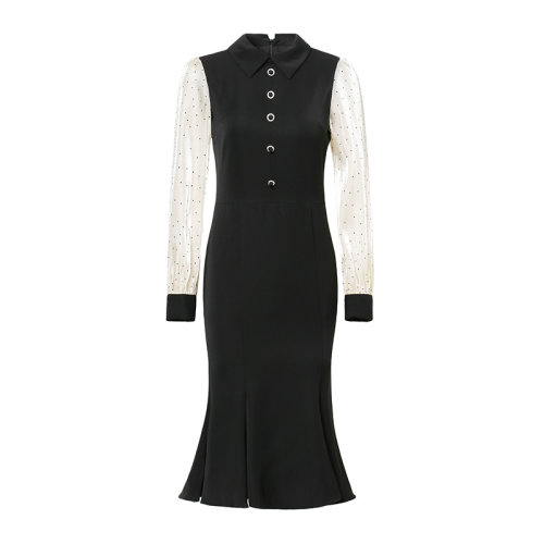 GeleiStory/GeleiStory 春秋新款连衣裙 时尚洋气拼接西装领波点长袖拼接显瘦小黑裙 女装>女士裙装>女士连衣裙
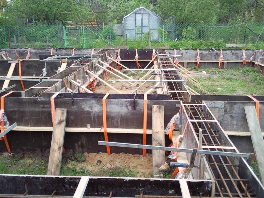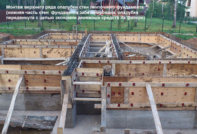 Строительство ленточного фундамента начинается с нанесения разметки на строительной площадке. Далее изымается грунт, монтируется опалубка, заливается бетон в армированный каркас.
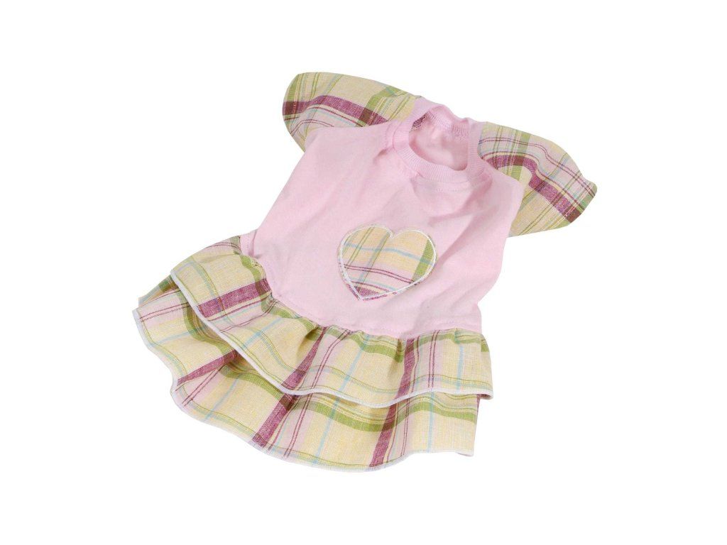 Elegantní růžové šatečky s kostkovanýmy rukávy a sukní. Materiál 100 % bavlna, kostkované části 45% bavlna a 55 % len.

──────

Task brief: Would you copy out all the data exactly, without the images?

Answer to the problem:
 GeleiStory/GeleiStory 春秋新款连衣裙 时尚洋气拼接西装领波点长袖拼接显瘦小黑裙 女装>女士裙装>女士连衣裙
 Строительство ленточного фундамента начинается с нанесения разметки на строительной площадке. Далее изымается грунт, монтируется опалубка, заливается бетон в армированный каркас.
 Elegantní růžové šatečky s kostkovanýmy rukávy a sukní. Materiál 100 % bavlna, kostkované části 45% bavlna a 55 % len.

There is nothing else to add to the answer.